La hospitalidad de Catalina, que expresa con delizadeza, casi abruma. Insiste desde que llegamos en que nos tomemos unos dulcecitos y se preocupa porque la redactora gráfica se ponga cómoda. “Esta niña ahí no está bien. Coge una silla, hija, que hay muchas sillas, hija. Podíamos haber pasado al comedor, que estaba más desahogado”. A la abuela de El Granado, con esa dulzura con la que mira y responde, te entran ganas de achucharla.
«Nací en 1926, son ya muchos años, hijo -nos dice-«. Percibimos juventud en su forma de mirar, ganas de vivir. Le preguntamos, junto a la alcaldesa de El Granado, por ‘el secreto’ y nos enteramos de que no hay tal, pero nos da algunas pistas sobre comer bien, como si fuese una nutricionista, lo que nos deja un poco perplejos. Afirma con seguridad pero también con modestia que «las grasas no son buenas. Y mucha carne tampoco, pero hay que comer de todo un poquito ¿no?» Alcohol no bebe. Refrescos muy poco. Le gusta el agua. Le preguntamos si bebe mucha y nos dice que “tenía que beber más”. Ciencia pura, pensamos.

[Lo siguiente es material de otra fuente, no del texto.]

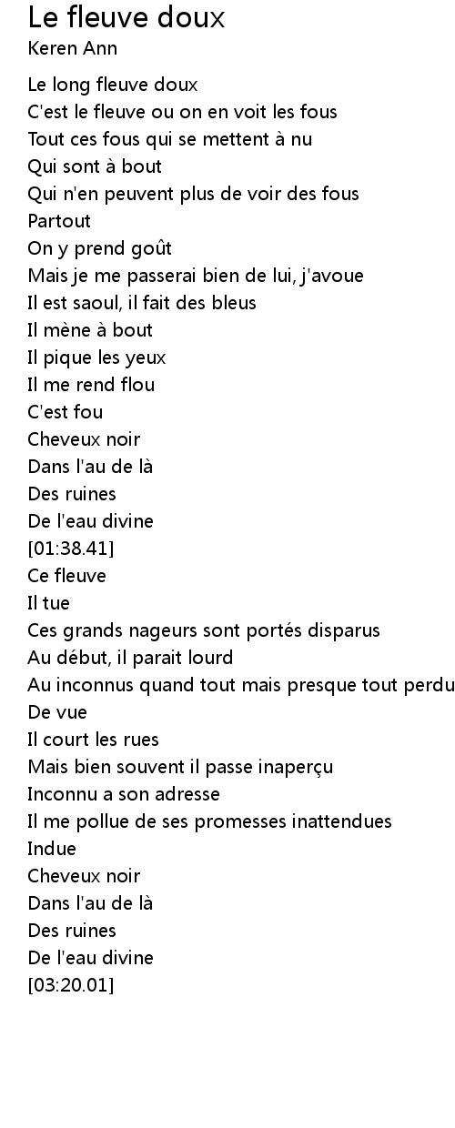 | [00:30.58] | C' est le fleuve ou on en voit les fous |
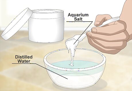 Mix distilled water with aquarium salt. Since tap water contains chlorine and well water has too many minerals, it is best to start with distilled water. Add the recommended amount of aquarium salt to the distilled water. The specific amount should be listed on the package of aquarium salt. If you are dechlorinating tap water, you can add ten dechlorination drops to a gallon of tapwater.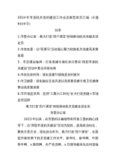 2024年市直机关党的建设工作会议典型发言汇编(6篇)目录1.“”市委办公室:着力打造四个课堂持续推动机关党建走深走实2.“”市发改委:以双赛马活动凝心聚力助推机关党建高质量发展3“.市交通运输局:打造党建引领红色引擎在四型市直”机关建设活动中勇当开路先锋4.市农业农村局:强化党建引领推进乡村振兴5.市卫健委:强化融合互促共进以高质量党建引领卫生健康事业高质量发展6.“”市市场监管局:坚持三聚力三转化全力打造党建+市场监管品牌“”着力打造四个课堂持续推动机关党建走深走实市委办公室2023年以来,在市委的正确领导和市直工委的精心指导“”下,以四型市直机关建设活动为契机,提高政治站位,聚“”焦主责...

Nos cuenta cosas curiosas, y denota una sensibilidad especial. “Nunca he comido mucho, pero si como. Como y duermo bien, gracias a Dios. Si no, no estaría aquí. Como de todo, menos carne, que nunca la comía y ahora la niña me la hace. Mi madre le ponía carne a los obreros, pero para ella y sus hijos no. No se el porqué. Los chicos, si veían un animal al que le habían quitado la piel… no querían. Tenían miedo, no querían. Porque se había muerto el animalito ¿no?». La huerta que tenía su familia cuando era niña «se cultivaba para consumo propio, para vender no. Para tener en casa abundancia de todo. Mi madre no salió nunca a la calle para comprar frutas y hortalizas, las tenía siempre«.
Cuando habla de los obreros se refiere a los que trabajaban en el campo, allí en Santa Catalina. «Me acuerdo que mi madre me mandaba cerquita de Santa Catalina, donde estaba la era que trillaban, y me daba una cafetera con café, diciéndome que no se me derramara, para llevárselo a los trabajadores por la tarde. Cuando me veían de lejos llegar venían corriendo a buscarme, al camino. Era una niña chica, tenían miedo de que me quemara y me cogían rápido el canasto«.
Catalina en muchos momentos nos hace reír. Muestra una franqueza natural que resulta fresca, nos atreveríamos a decir que juvenil. Cuando nos habla de cosas de cuando era niña sentimos trasladarnos con ella en un viaje fascinante a un paisaje que ya no existe. Verdad que refleja una vida dura, de mucho trabajo. Pero al final resulta una prueba vital superada con su actitud positiva, que debió ser resiliente y proactiva.
Lo pasó muy mal al fallecer su padre, «muy nuevo«, como dice. «Y faltando él ya se rompió la casa. Tenía obreros que eran muy buenas personas, pero él era el primero. Mi padre enseñaba a los niños, a los muchachos, como tenían que arar, como tenían que sembrar. Los llevaba al campo y los dejaba allí sembrando y se iba a otro sitio, no tenía tiempo«. Le debían gustar mucho los niños. Un poco más mayor Catalina le decía «ay papa, como hace usted eso… a un niño chico le enganchaba las bestias y lo llevaba así (gesticula suave con la mano), y yo detrás. El niño chico llevaba las bestias, pero mi padre siempre al lado de él… ah. No tenía miedo«.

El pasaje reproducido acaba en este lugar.